Agreed. Gundlach et al. are able to find and categorize specific algorithmic advances (non-data) that they claim explain 6,930× of gains, out of a total amount of gains estimated (“naively extrapolating”) by Ho et al. of 22,000×. That is, they explain all but another factor of 3 with algorithms. Quoting from the paper:
First off, making up for all but 3× is very good (frankly, I think too good and should be taken with a grain of salt). Second, naively reading this would imply data has contributed at most a factor of 3 over 11 years.
But I think the experiment in this paper use validation loss on a pretraining dataset, whereas performance on downstream tasks seems especially likely to be affected by better data (i.e., the 22,000× they are trying to account for might not even be influenced much by better data, as it too is based on loss).
(This comment is not meant to take a stand on the overall question of how much data vs. non-data algorithmic innovation has contributed, just the bearing of Gundlach et al., on this question.)
Coauthor of the paper here. It’s helpful to hear how people have interpreted our work, though I want to try to clear up a few things quickly.
Firstly, we don’t claim that data must make up the remaining gap, and we certainly are not claiming it explains capabilities improvements more broadly. We try to be pretty precise about the definition of algorithmic progress under the CEG framework, which is specifically computed using loss rather than downstream performance metrics (I agree, the relationship between these is not straightforward or well understood). We say explicitly that the CEG framework cannot capture a lot of important innovations for performance and efficiency (instruction fine-tuning, constitutional AI, parallelism, etc.). We also show highly counterintuitive, undesirable properties of the CEG framework which makes interpretation quite difficult.

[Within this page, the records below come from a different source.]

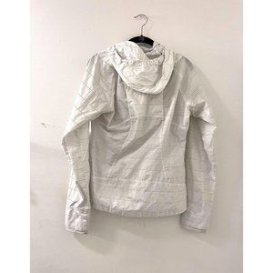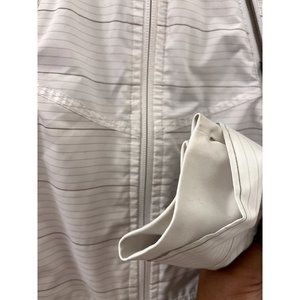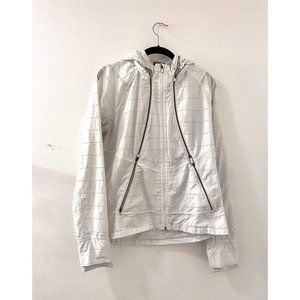 Athleta Run On Jacket White Striped Hidden Hood Windbreaker Size medium
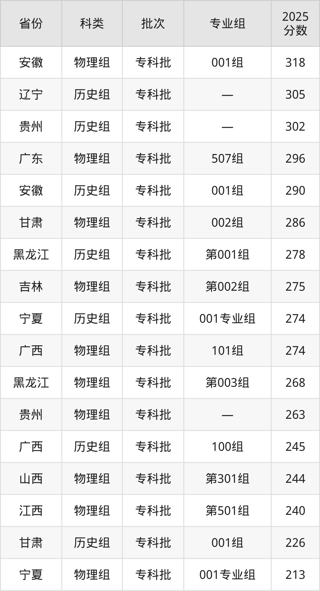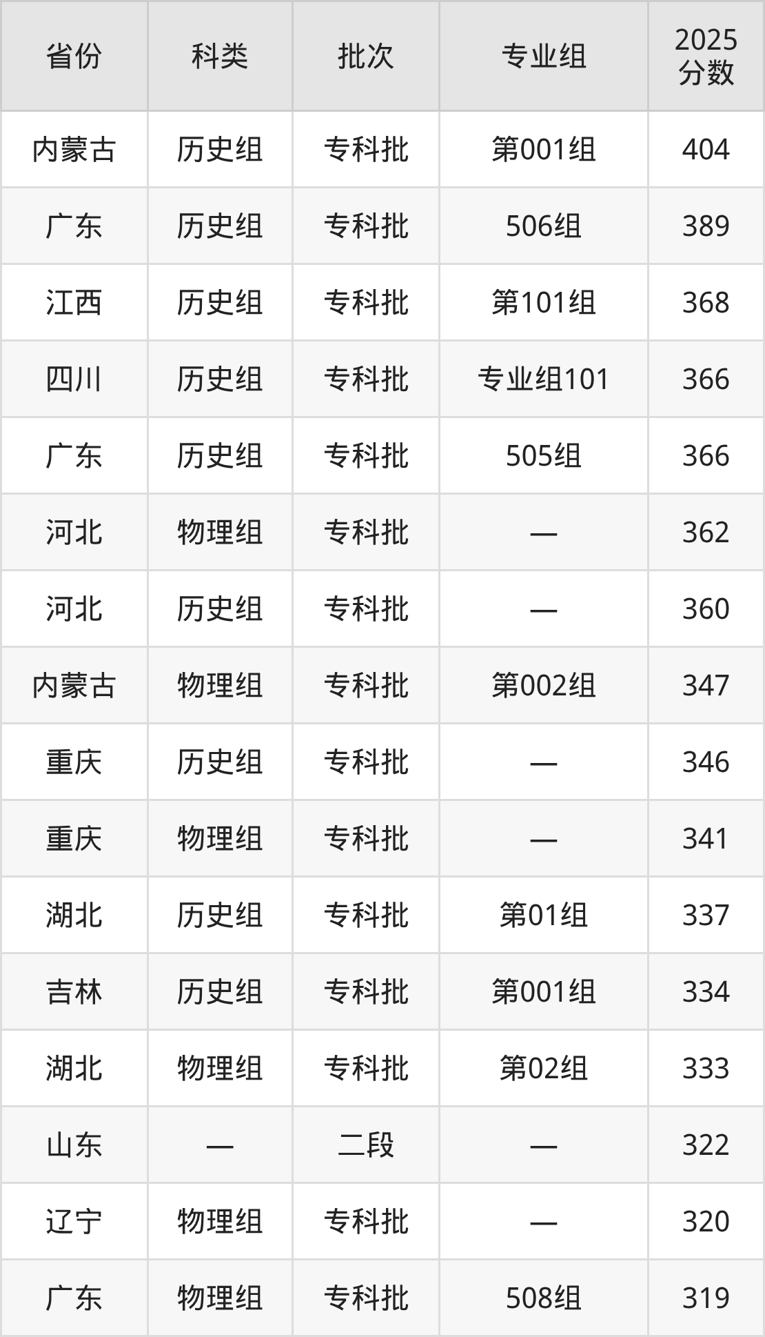 而内蒙古地区历史组考生的分数门槛最高,2025年黑龙江农业经济职业学院第001组在内蒙古招生最低分为404分,考生至少要超专科线244分才有可能被录取。
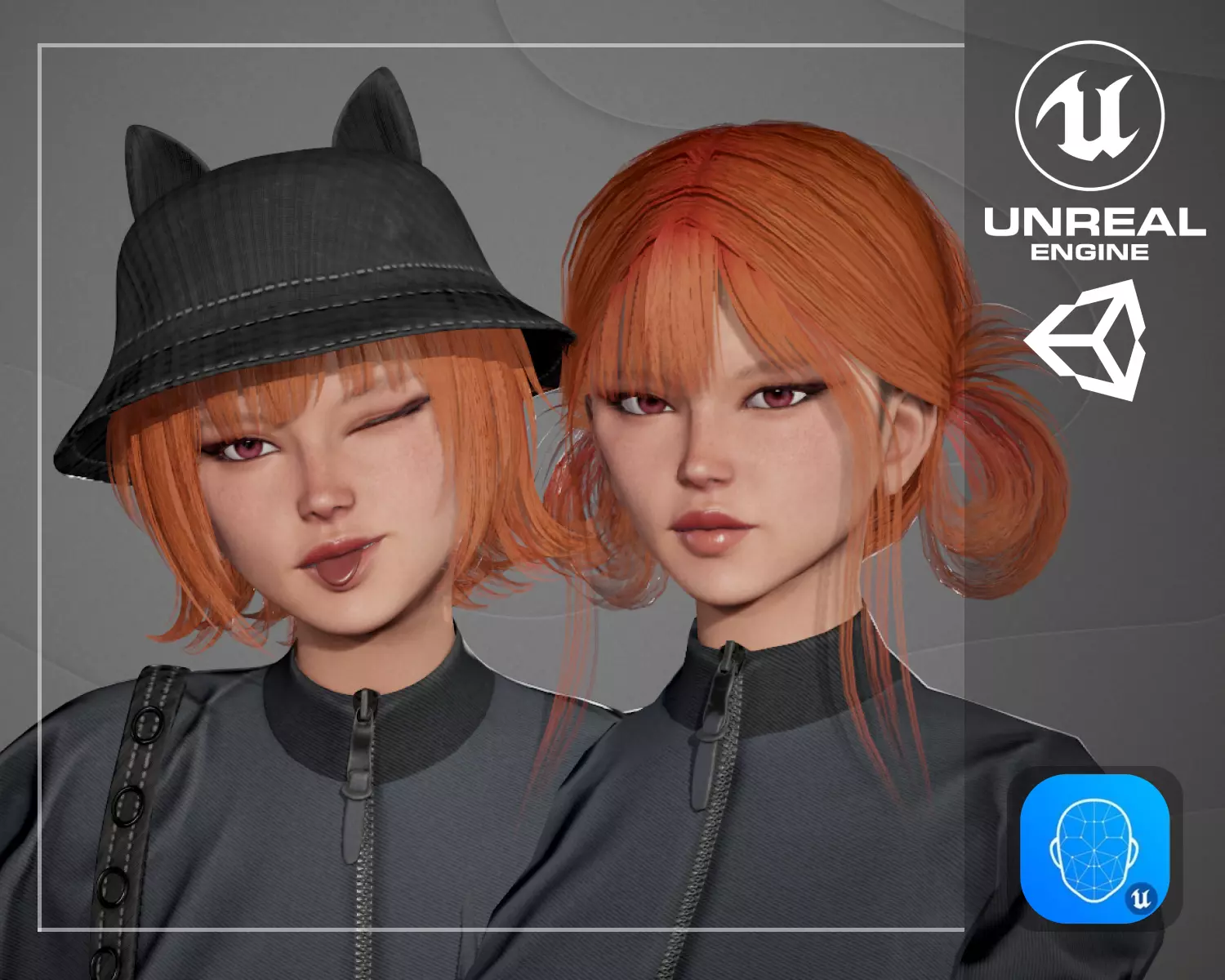 Female Modular Character for Games and VT. Rigged to Epic Skeleton(UE4). Live-Link Ready with 52 ARkit Blendshapes.
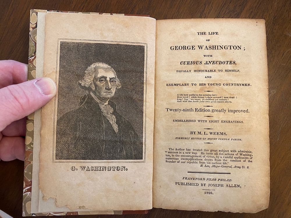First biography of George Washington, by Mason Weems. Small Octavo. Frontispiece - Portrait of George Washington, published in 1826. This is the one where Weems made up the story about Washington saying "I cannot tell a lie." 228 pages with all six engravings, as called for: 1. Portrait of George Washington 2. Defeat of General Braddock 3. Battle of Lexington 4. Battle of Bunker Hill 5. Capture of Major Andre 6. Surrender of Lord Cornwallis. A rare and interesting book.

Speaking for myself and not my coauthors here: It’s flattering you think our results are too good, though I’m not sure that was the intent of your comment :) I think the results would be interesting even if we over/undershot existing estimates by 10x. We find two important results, which are true regardless of our estimates’ alignment with the literature: scale seems to be necessary for much of the perceived algorithmic gains, and scale-dependence makes the framework for measuring these gains behave strangely. Those two facts are worth considering in their own right, and are true for even modest differences in scaling exponents across architectures. It is reaffirming that we recover so much of the other estimates, but strictly speaking, we could have found way more or way less, and our results would still raise important points.

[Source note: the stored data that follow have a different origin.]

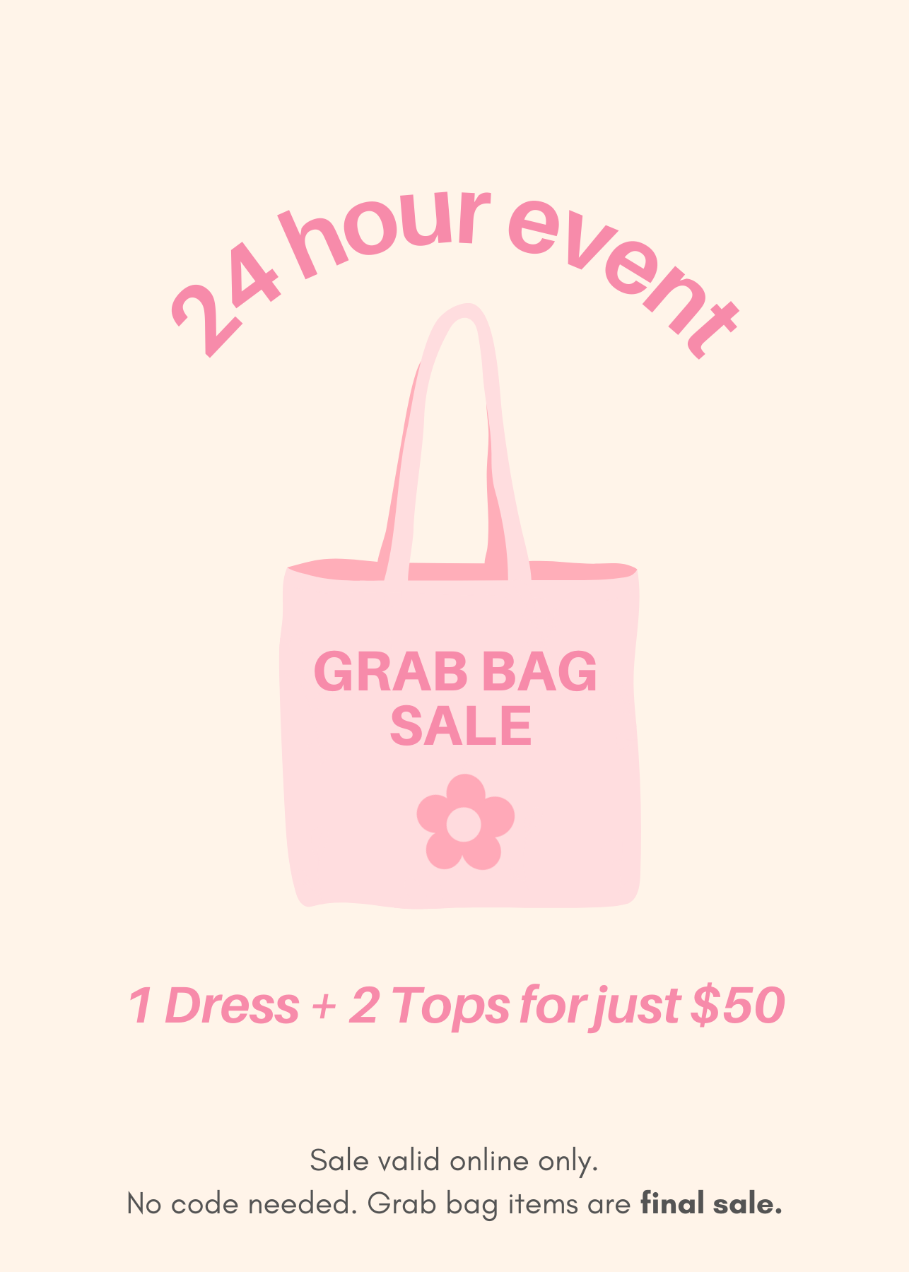 Did you hear the news? Grab bags are back! It’s time for one of our favorite events! Each bag includes one dress and 2 tops. The best part? Each bag is only $50, making it a steal of a deal!
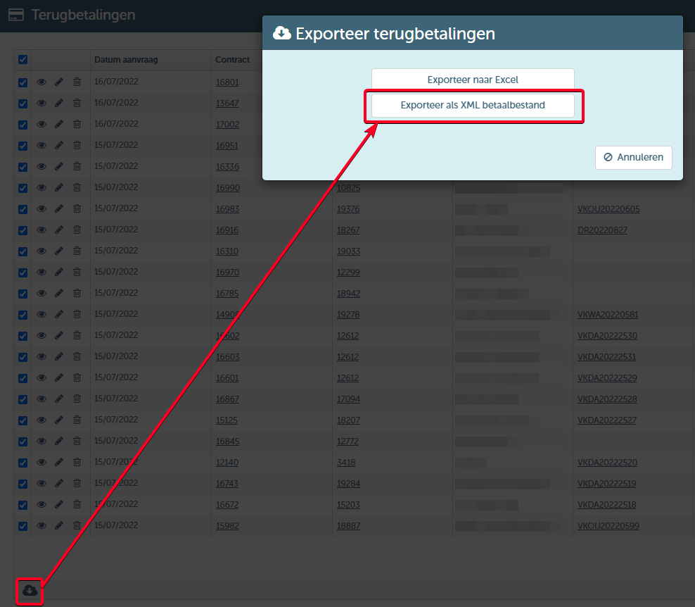 Indien de setting "XML export voor terugbetalingen" werd aangeschakeld, zal je naast het manueel verwerken van terugbetalingen ook een mogelijkheid hebben om de terugbetalingen te exporteren in XML formaat:
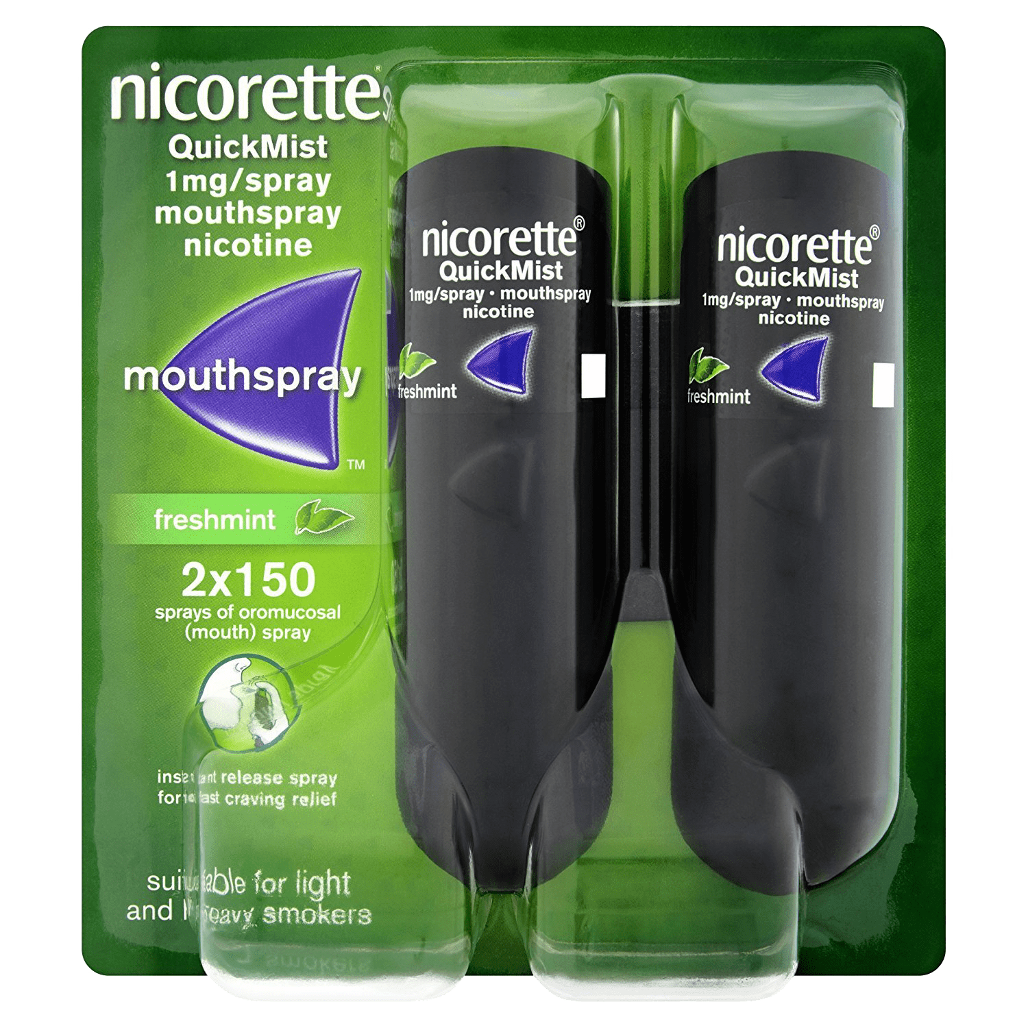 Nicorette QuickMist Freshmint 1mg Mouthspray Duo relieves nicotine cravings in just thirty seconds to help you quit smoking. The spray acts fast, to help you quit for good, no matter how many cigarettes you smoke.

Lastly, I think our results don’t point to “better data has made all the difference.” It really points to “a lot of new, specific things lead to a lot of new, specific differences in capabilities, and it’s hard to count those up using the same units.” I think that’s a really important (and difficult) direction for further research, which may shed light on how important data has been!
Thanks, I’ll edit the post to note I misinterpreted the paper.